### DATA SUPPLIED
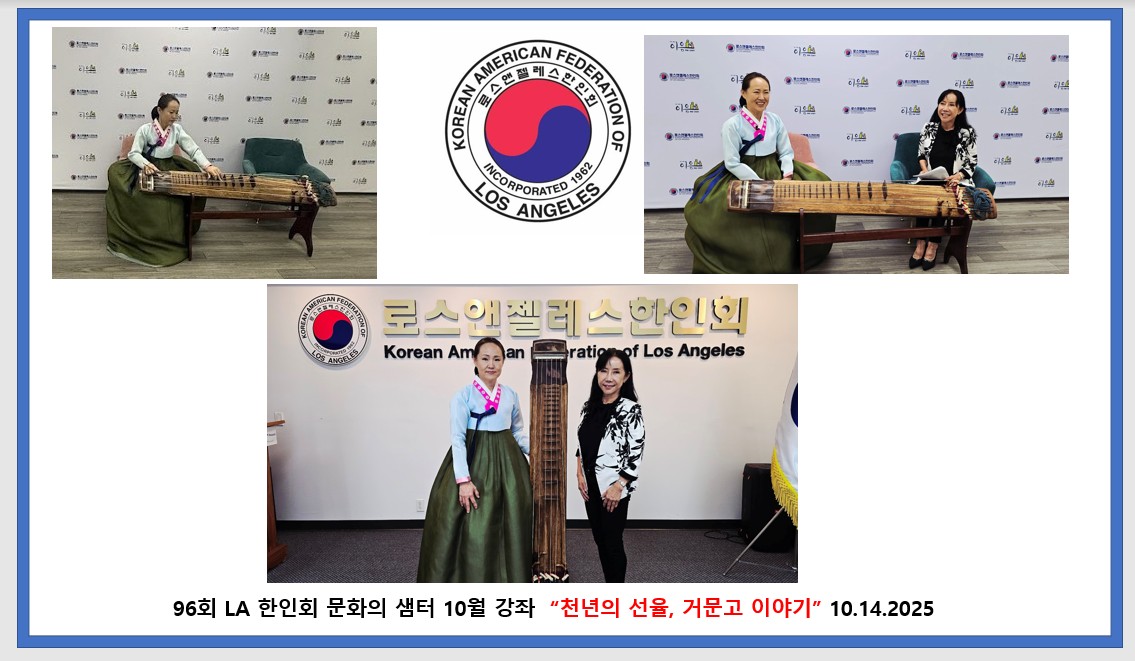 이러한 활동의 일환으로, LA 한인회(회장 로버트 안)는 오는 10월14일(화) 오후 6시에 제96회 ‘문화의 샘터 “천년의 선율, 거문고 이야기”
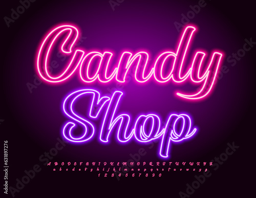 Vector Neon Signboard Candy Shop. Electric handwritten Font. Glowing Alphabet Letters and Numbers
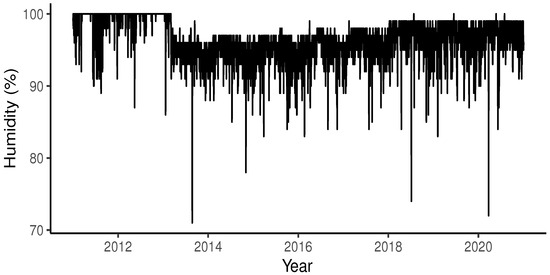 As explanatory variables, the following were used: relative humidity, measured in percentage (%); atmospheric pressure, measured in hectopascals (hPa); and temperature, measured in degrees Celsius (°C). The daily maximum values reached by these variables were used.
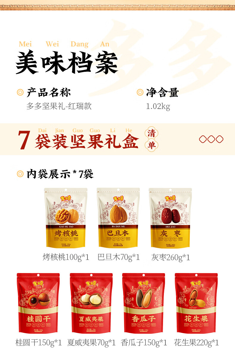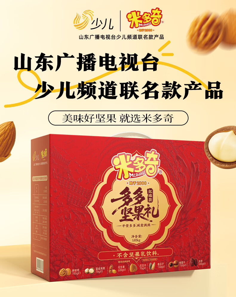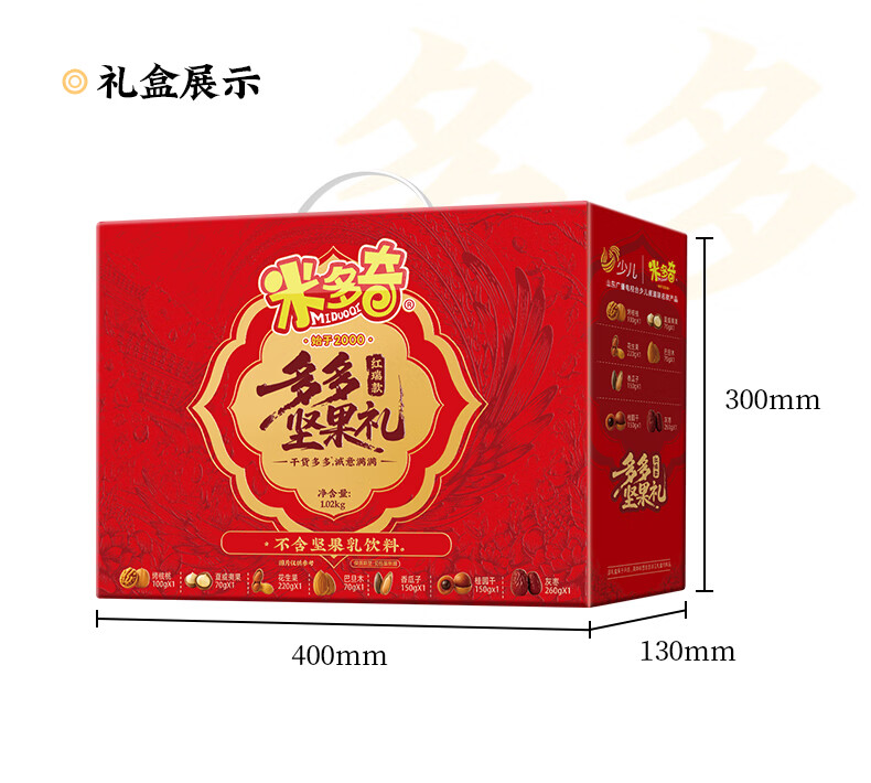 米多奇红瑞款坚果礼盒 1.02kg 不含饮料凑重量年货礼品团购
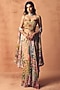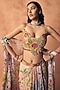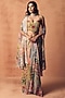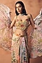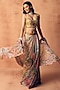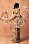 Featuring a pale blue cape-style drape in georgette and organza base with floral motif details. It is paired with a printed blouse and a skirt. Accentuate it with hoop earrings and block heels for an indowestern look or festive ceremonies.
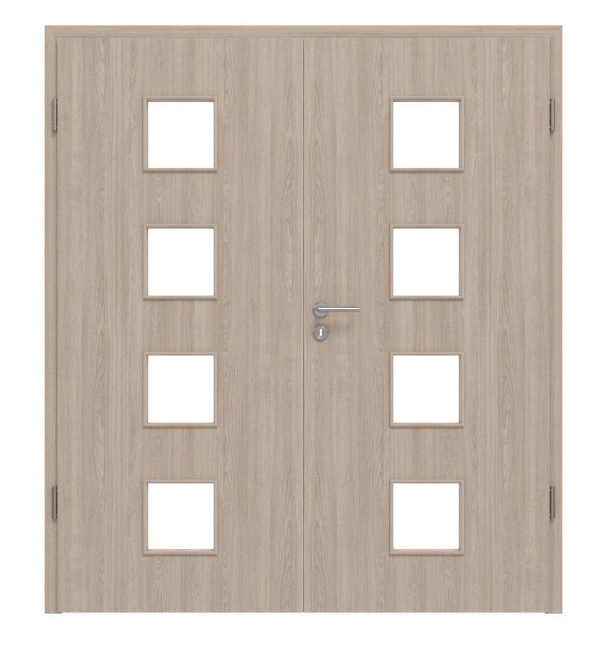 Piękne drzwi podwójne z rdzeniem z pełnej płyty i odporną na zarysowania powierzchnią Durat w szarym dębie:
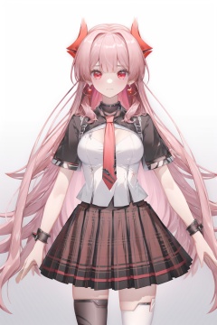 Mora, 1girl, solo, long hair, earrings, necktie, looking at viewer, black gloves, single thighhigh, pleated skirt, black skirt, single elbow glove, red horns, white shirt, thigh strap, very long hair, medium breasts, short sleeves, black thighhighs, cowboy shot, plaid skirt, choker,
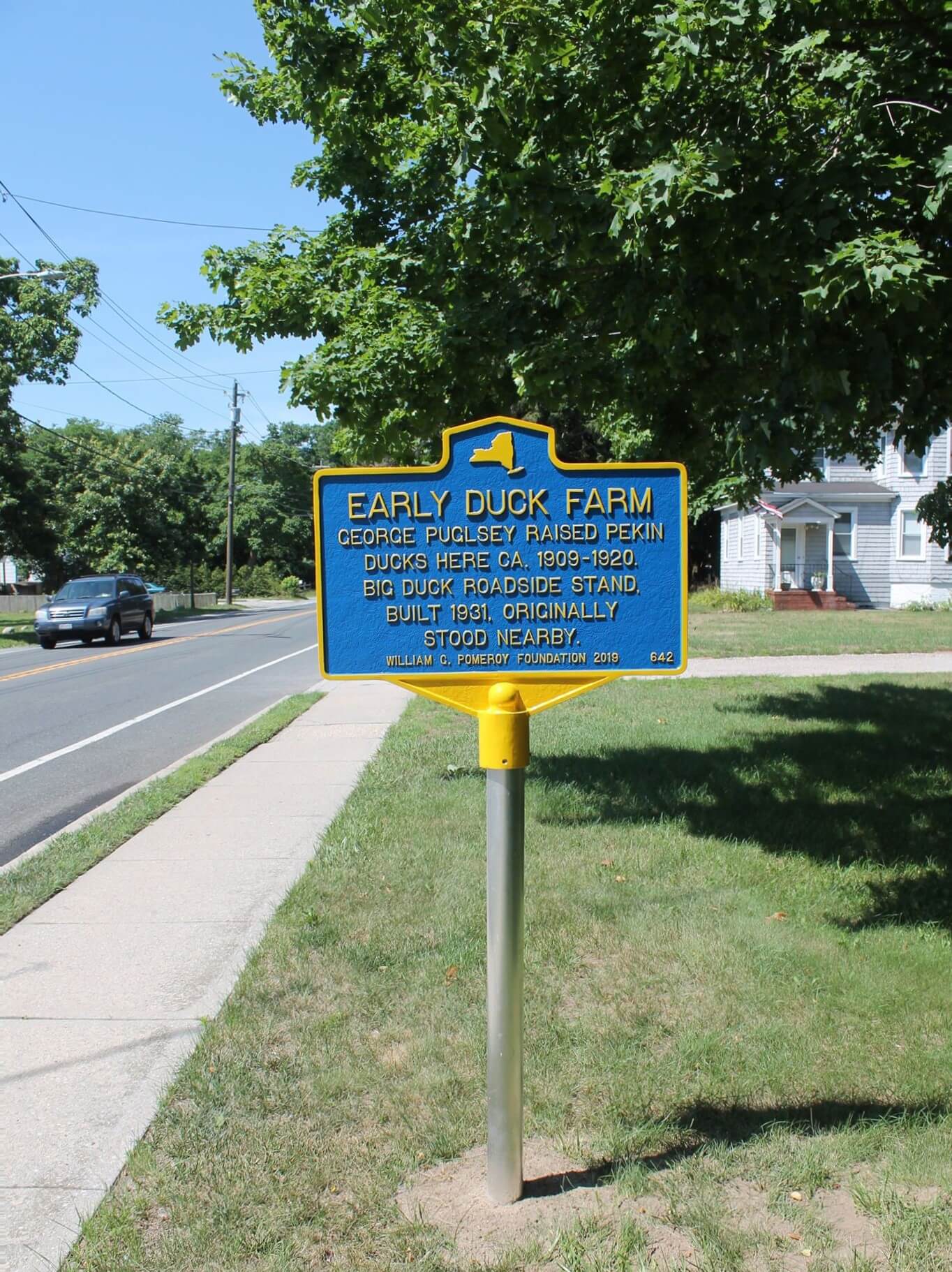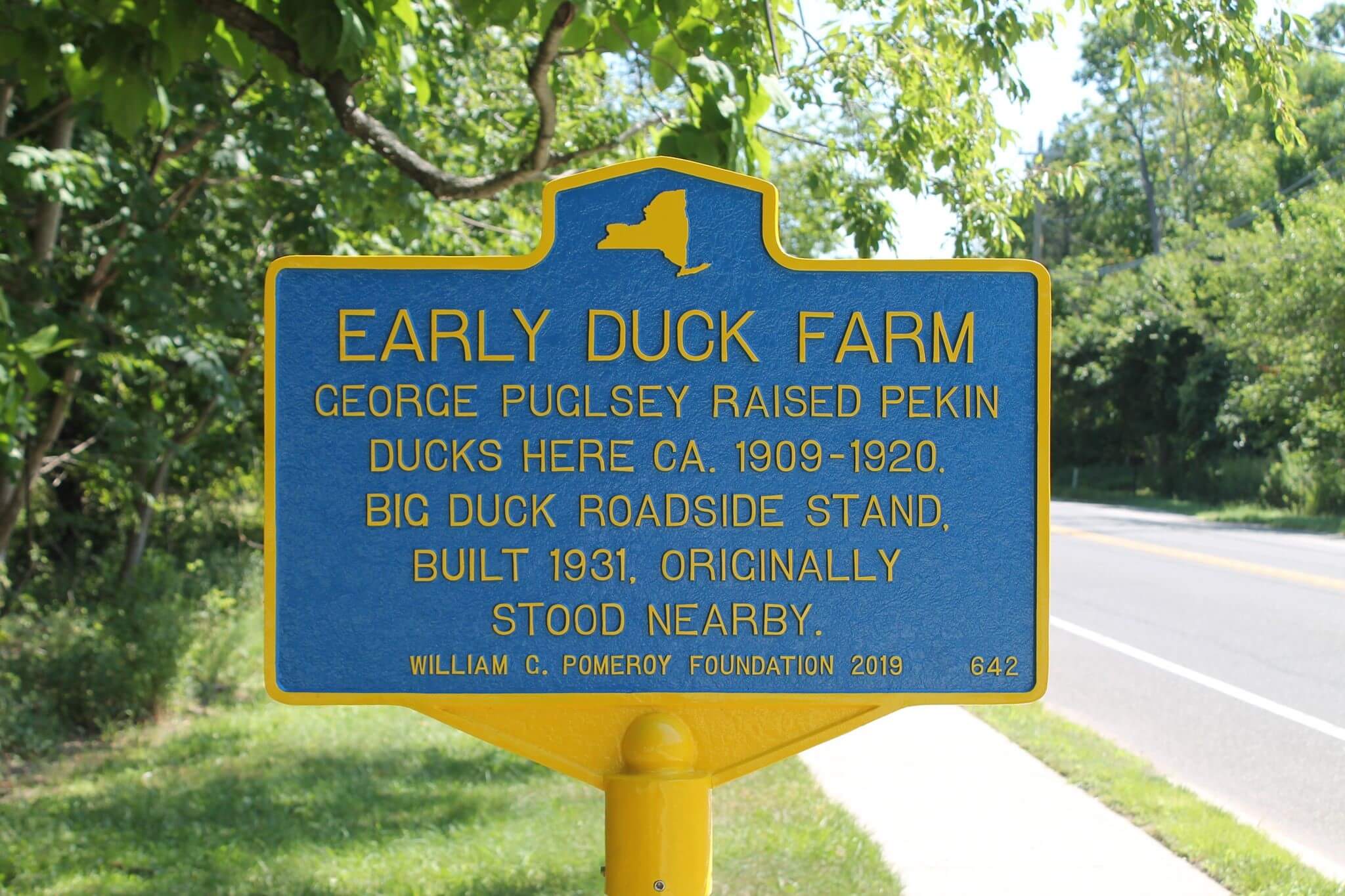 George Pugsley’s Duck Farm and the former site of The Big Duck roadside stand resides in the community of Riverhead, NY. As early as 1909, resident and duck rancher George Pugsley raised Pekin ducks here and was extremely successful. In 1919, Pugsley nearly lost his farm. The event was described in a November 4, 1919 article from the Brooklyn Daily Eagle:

### TASK
Give back every record above word for word; the pictures have no place in it.

### ANSWER SPACE
 이러한 활동의 일환으로, LA 한인회(회장 로버트 안)는 오는 10월14일(화) 오후 6시에 제96회 ‘문화의 샘터 “천년의 선율, 거문고 이야기”
 Vector Neon Signboard Candy Shop. Electric handwritten Font. Glowing Alphabet Letters and Numbers
 As explanatory variables, the following were used: relative humidity, measured in percentage (%); atmospheric pressure, measured in hectopascals (hPa); and temperature, measured in degrees Celsius (°C). The daily maximum values reached by these variables were used.
 米多奇红瑞款坚果礼盒 1.02kg 不含饮料凑重量年货礼品团购
 Featuring a pale blue cape-style drape in georgette and organza base with floral motif details. It is paired with a printed blouse and a skirt. Accentuate it with hoop earrings and block heels for an indowestern look or festive ceremonies.
 Piękne drzwi podwójne z rdzeniem z pełnej płyty i odporną na zarysowania powierzchnią Durat w szarym dębie:
 Mora, 1girl, solo, long hair, earrings, necktie, looking at viewer, black gloves, single thighhigh, pleated skirt, black skirt, single elbow glove, red horns, white shirt, thigh strap, very long hair, medium breasts, short sleeves, black thighhighs, cowboy shot, plaid skirt, choker,
 George Pugsley’s Duck Farm and the former site of The Big Duck roadside stand resides in the community of Riverhead, NY. As early as 1909, resident and duck rancher George Pugsley raised Pekin ducks here and was extremely successful. In 1919, Pugsley nearly lost his farm. The event was described in a November 4, 1919 article from the Brooklyn Daily Eagle:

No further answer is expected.